In this embodiment, as part of operations 202 and/or 204, circuitry 60 may examine header information, such as, for example, destination addresses, that may be comprised one or more requests 72. Also as part of operations 202 and/or 204, circuitry 60 may correlate this header information with forwarding information 68 to determine which of the ports 56 via which to forward packets 88 and 96, via media 44C and 44N, to storage devices 28B and 28N. For example, in this embodiment, forwarding information 68 may comprise one or more tables (not shown) that may correlate the destination addresses that may be expected to be comprised in header information in one or more requests 72, with locations (e.g., addresses and/or blocks) in each of the storage devices 27 to which to store portions of user data that may be comprised in one or more packets 70 and/or portions of check data that may be generated by circuitry 62, based at least in part upon the user data, in order to permit one or more requests 72 to be satisfied while maintaining RAID 29. These one or more tables comprised in forwarding information 68 may also correlate these locations in storage devices 27 with ports in ports 56 via which the storage devices that comprise these locations may be coupled to expander 52. Additionally, forwarding information 68 may correlate with each of these locations in storage 27 the type of data (e.g., check data, or user data from which the one or more portions of check data may be generated, at least in part) that may be stored at these locations, in order to permit RAID 29 to be maintained and/or implemented.
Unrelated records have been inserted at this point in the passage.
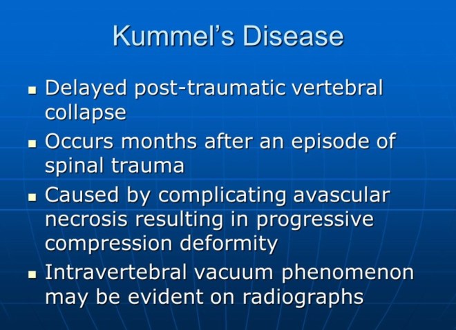 Also if younger and you are diagnosed with osteoporosis your chances are higher to possibly develop Kummel Disease.
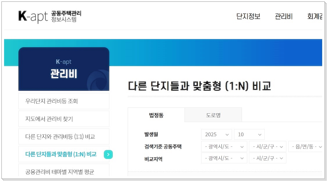 K-APT는 유사한 규모나 지역의 다른 단지와 관리비 비교 통계 기능을 제공합니다.
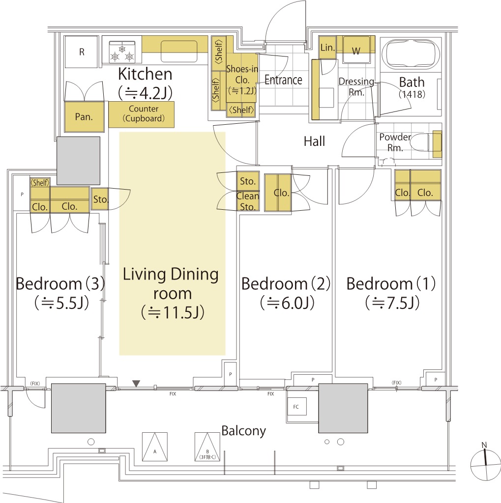 ¡¡SUN VILLAGE TÅï¤ËÇÛÃÖ¤µ¤ì¤ë5TL77¥¿¥¤¥×¤Î´Ö¼è¤ê¿Þ¤Ç¤¹¡£´Ö¼è¤ê¤Ï3LDK+SIC¡¢ÀìÍÌÌÀѤÏ77.85Ö¡¢¥Ð¥ë¥³¥Ë¡¼ÌÌÀѤÏ19.42Ö¡Ê3³¬¡Ë¡¢18.82Ö¡Ê4¡Á30³¬¡Ë¤Ç3¡Á30³¬¤ËÇÛÃÖ¤µ¤ì¤Þ¤¹¡£
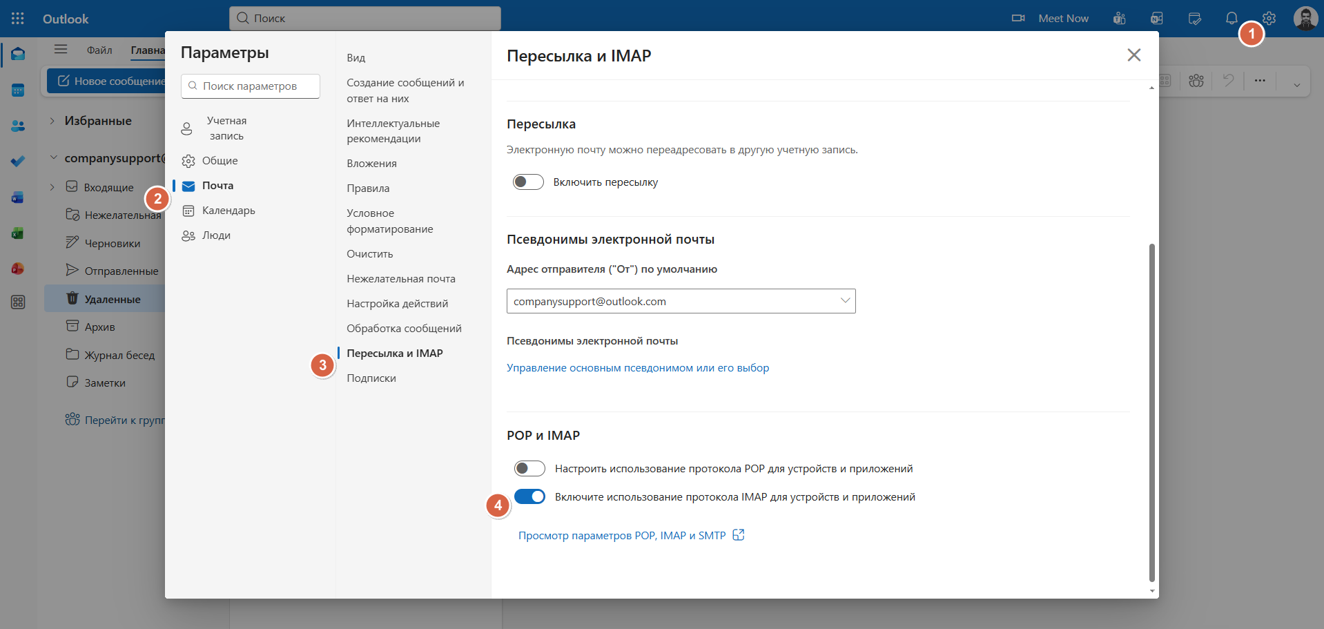 2. В настройках почтового ящика Microsoft включите доступ по IMAP. Сделать это можно по пути Параметры — Почта — Пересылка и IMAP — POP и IMAP.
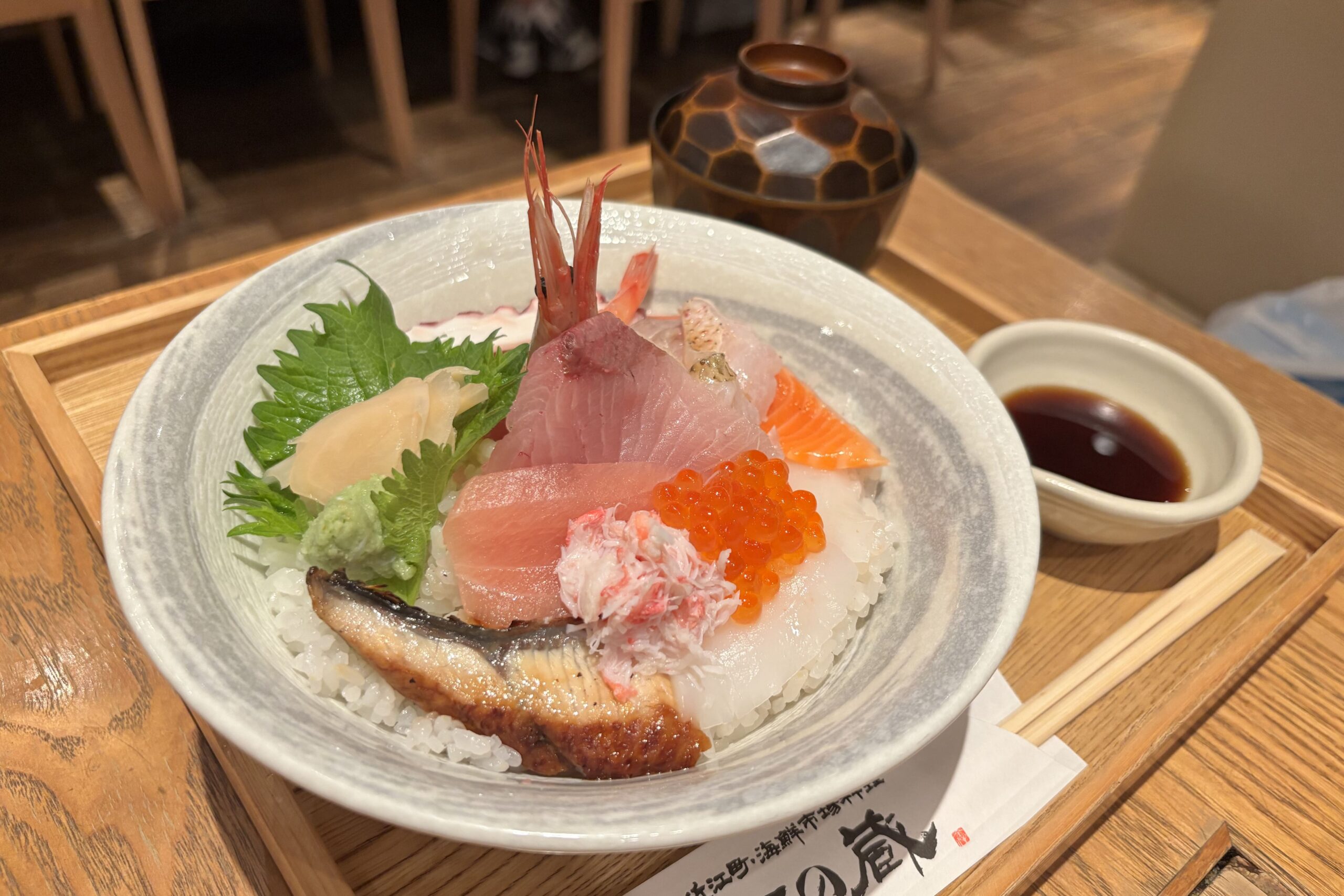 鮮度抜群のネタがぎっしり盛られた贅沢な丼。 どのネタも味が立っていて、食べ進めるほど満足感が増していきます。
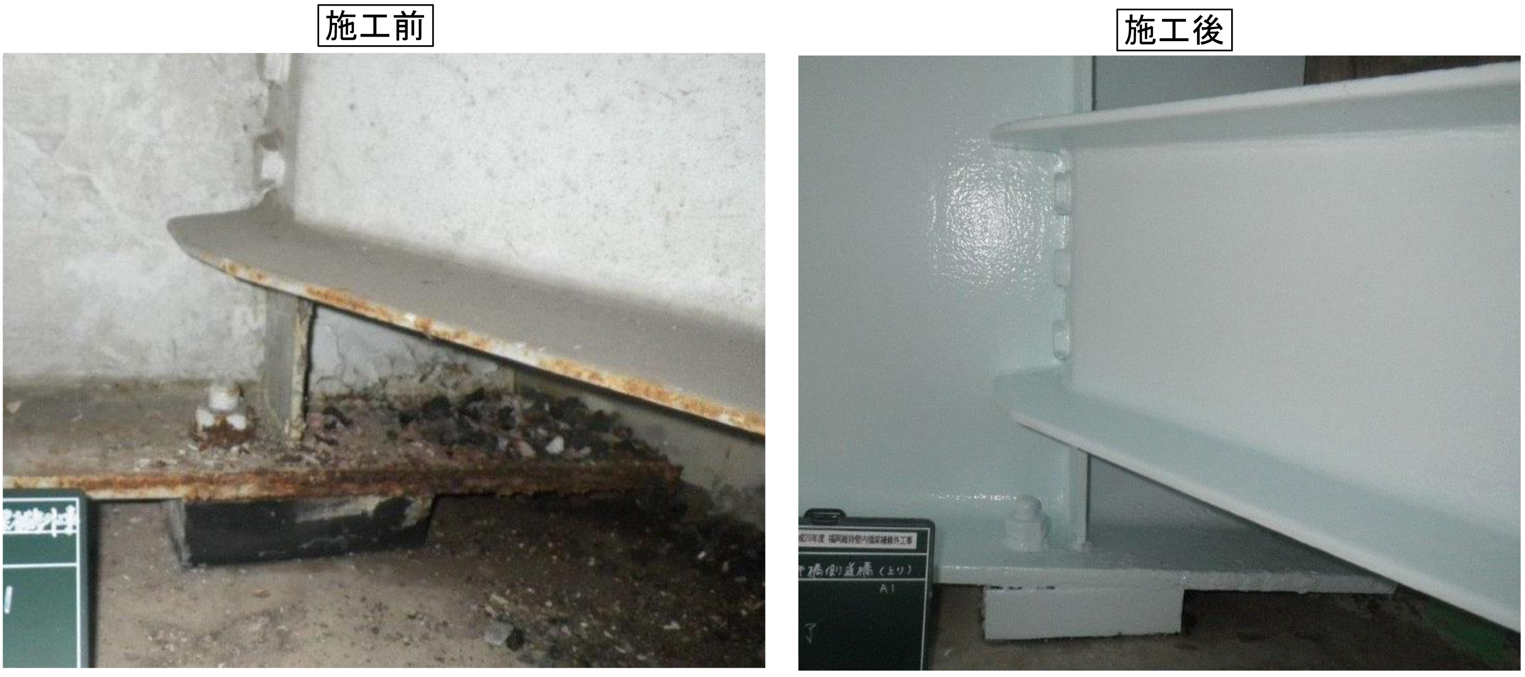 新しい重防食の採用事例としては、鋼製支承の腐食に対し、塗布することで安定化した皮膜を鋼材表面に形成し、鋼材を錆から長期的に守るNKさび安定化防錆工法を採用しています。
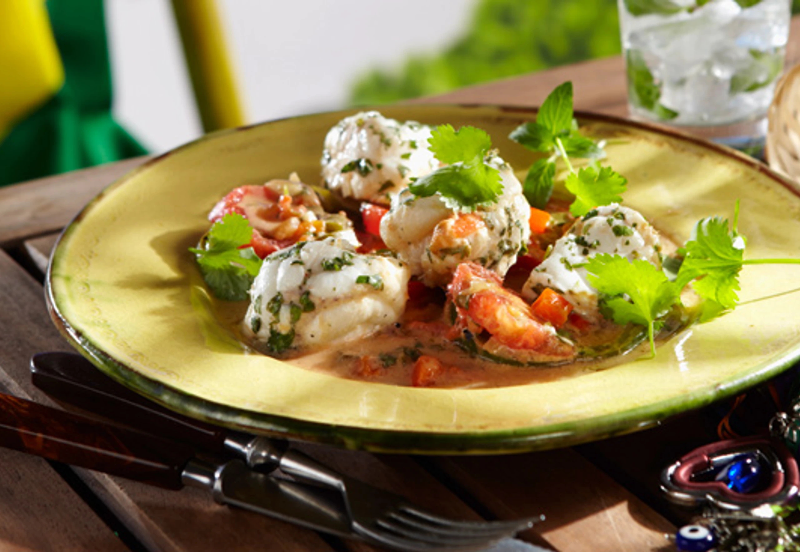 Öl erhitzen, Zwiebel und Knoblauch darin anschwitzen. Paprika- und Paradeiswürfel zugeben. Fischfilets samt Marinade darauf verteilen, mit Paprikaringen und Paradeisscheiben belegen, mit Salz und Pfeffer würzen. Kokosmilch zugießen. Moqueca zudecken und ca. 20 Minuten köcheln. Herd ausschalten, Moqueca ca. 15 Minuten ziehen lassen.
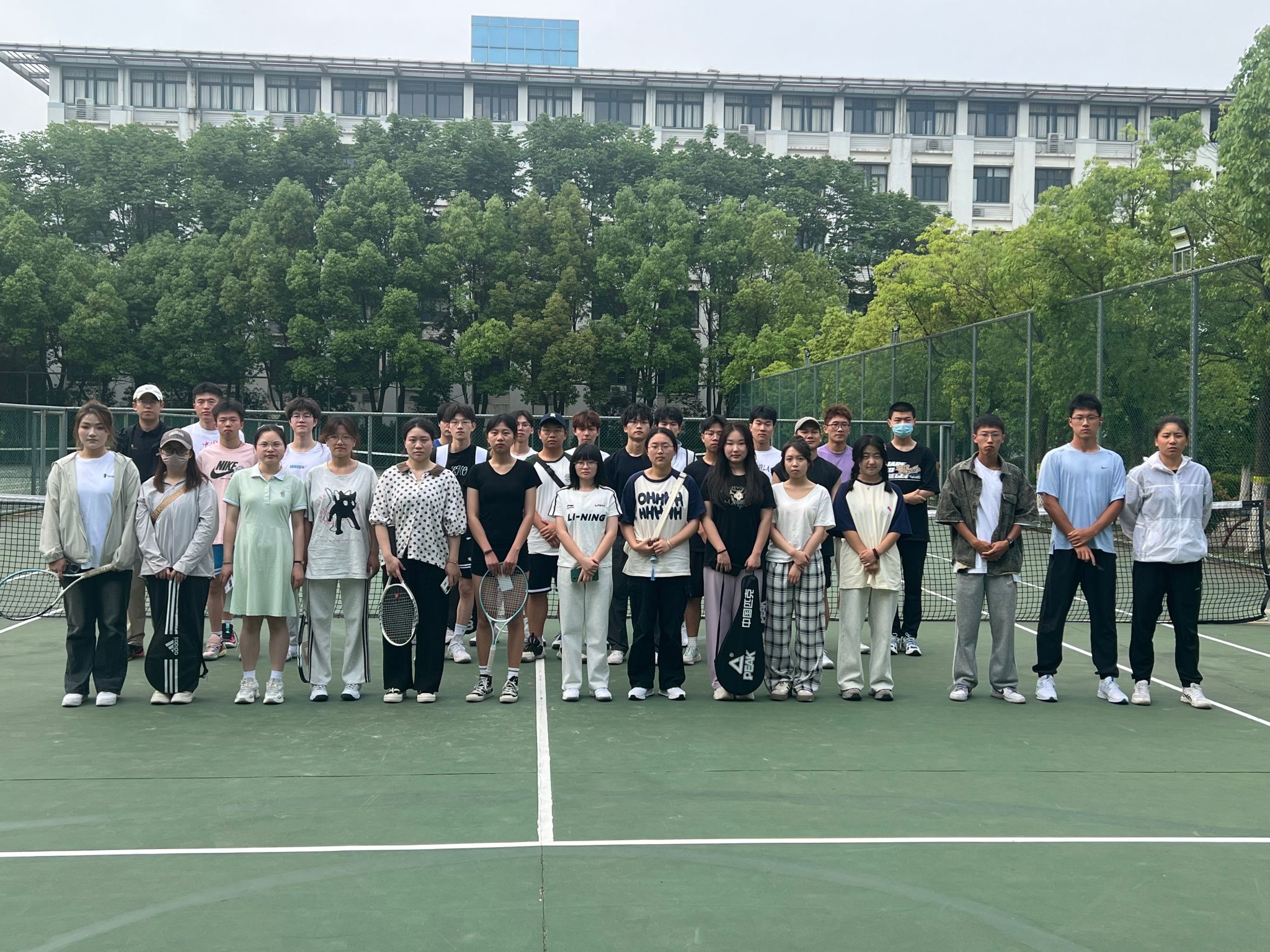 为了切实推进校“阳光体育”系列活动的顺利开展,丰富校园体育文化生活,渲染校园体育文化氛围,提高全校学生的身体素质,展现我校学生的精神风貌,培养顽强拼搏、团结协作的精神。6月1日,由jinnianhui今年会、校团委联合主办,大学体育网球俱乐部承办的“健体励志,强国有我”阳光体育系列活动之网球比赛在锦绣校区顺利举行。本次比赛设有小组循环赛和淘汰赛两个轮次的比赛。各二级学院共5支队伍,有27名学生参加,其中男生16人,女生11人。
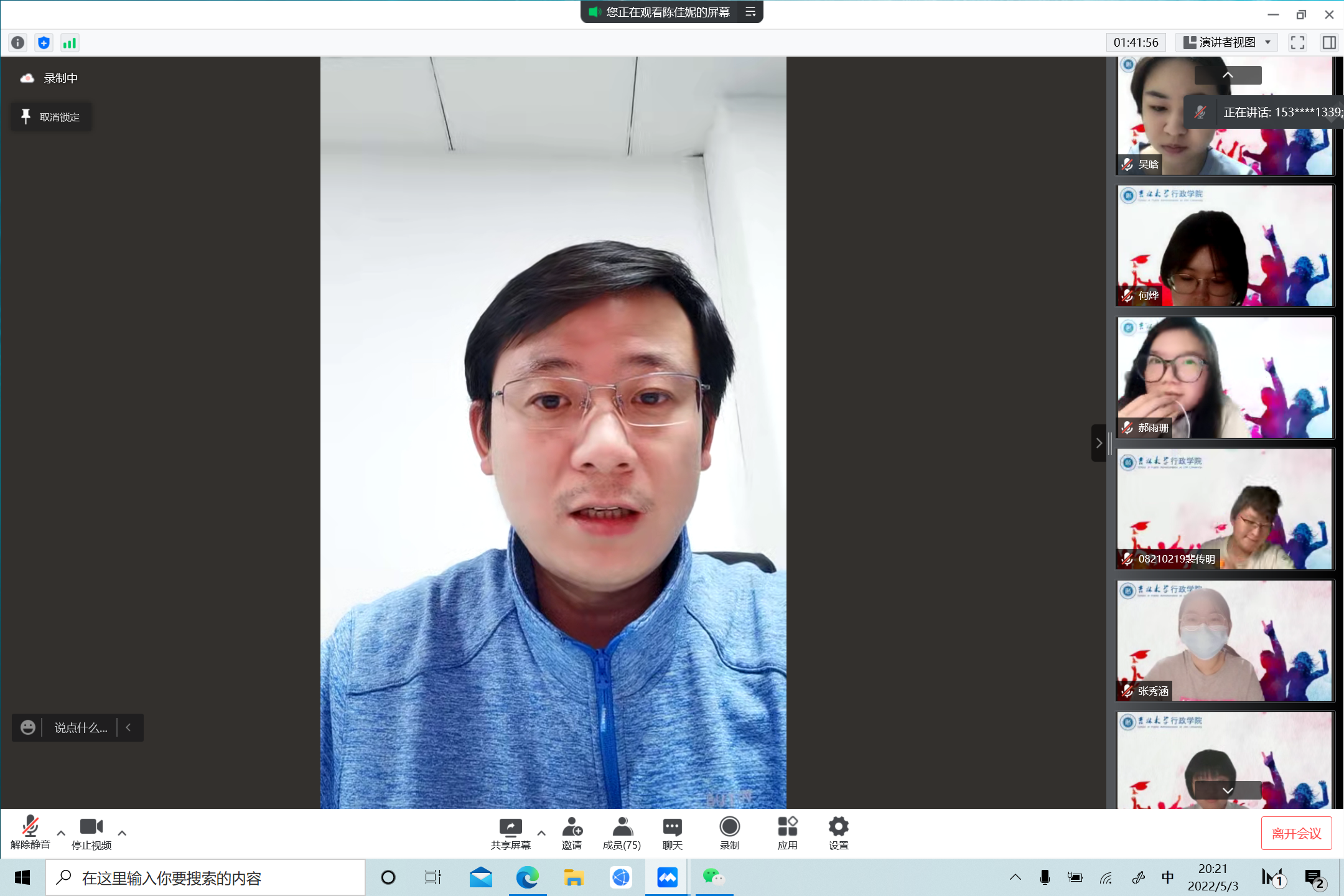 马景惠号召全院青年师生认真领会习近平总书记对于青年的谆谆教诲、不负党和人民寄语青年的殷切希望,以黄大年同志“振兴中华乃吾辈之责”的担当精神走好成长道路的每一步。一是要坚定理想信念,树立的远大理想,坚定不移听党话、跟党走;二是要努力提升综合素质,通过课堂学习掌握书本理论知识、通过社会实践练就过硬本领,矢志成为有能力参与国家复兴大业的建设者和接班人;三是要树立正确的人生观和价值观,继承和发扬中华民族德传统美德,学习和践行社会主义核心价值观;四是坚持开拓创新,解放思想、求真务实,通过创新创造积累人生阅历和成长经验,丰富多彩青春。
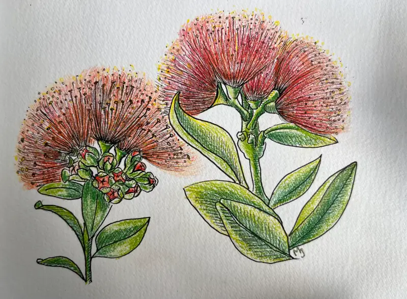 뉴질랜드 9월은 봄입니다. 본격적으로 꽃이 피기 시작해요 곧 다가올 여름에 필 꽃 '포후투카와(Pohutukawa)' 는 색연필(세르지오) 사용해서 그렸습니다.
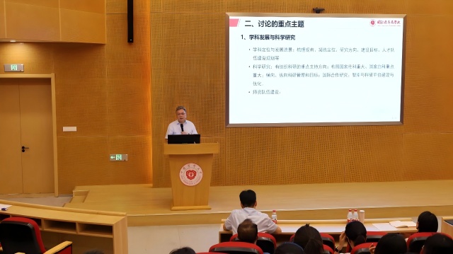 常峰院长介绍学院事业发展大讨论的重点主题,聚焦学科发展与科学研究、教学改革与国际合作办学、学生管理与学生发展等多方面开拓创新,鼓励师生积极建言献策。

As part of operations 202 and/or 204, circuitry 62 may generate, based at least in part upon user data 74 and conventional RAID techniques associated with the RAID level implemented by RAID 29, one or more respective portions of user data 74 and/or check data to be stored in storage devices 27 that may satisfy one or more requests 70 while maintaining RAID 29. In this embodiment, as part of operation 202, based at least in part upon forwarding information 68 and the header information comprised in one or more requests 72, circuitry 60 may determine, at least in part, one or more respective locations 106 and 108 in storage devices 27 to store one or more respective portions 90 and 98 in order to satisfy one or more requests 72 while maintaining RAID 29. Also in this embodiment, as part of operation 204, based at least in part upon forwarding information 68 and the header information comprised in one or more requests 72, circuitry 60 may determine, at least in part, ports comprised in ports 56 via which packets 88 and 96 may be forwarded to storage devices 28B and 28N, in order to satisfy one or more requests 72 while maintaining RAID 29.
After executing operations 202 and 204, circuitry 60 may generate packets 88 and 96 such that each of the respective packets 88 and 96 may comprise a respective one of these one or more respective portions of user data 74 and/or check data generated by circuitry 62. For example, in this embodiment, if RAID 29 implements mirroring, one or more packets 88 may comprise user data 90 that may be identical to user data 74, and one or more packets 96 may comprise a copy 98 of user data 90. One or more packets 88 may also comprise addressing information that may address one or more locations 106 determined by circuitry 60 as a result of operation 202. Additionally, one or more packets 96 also may comprise addressing information that may address one or more locations 108 determined by circuitry 60 as a result of operation 202.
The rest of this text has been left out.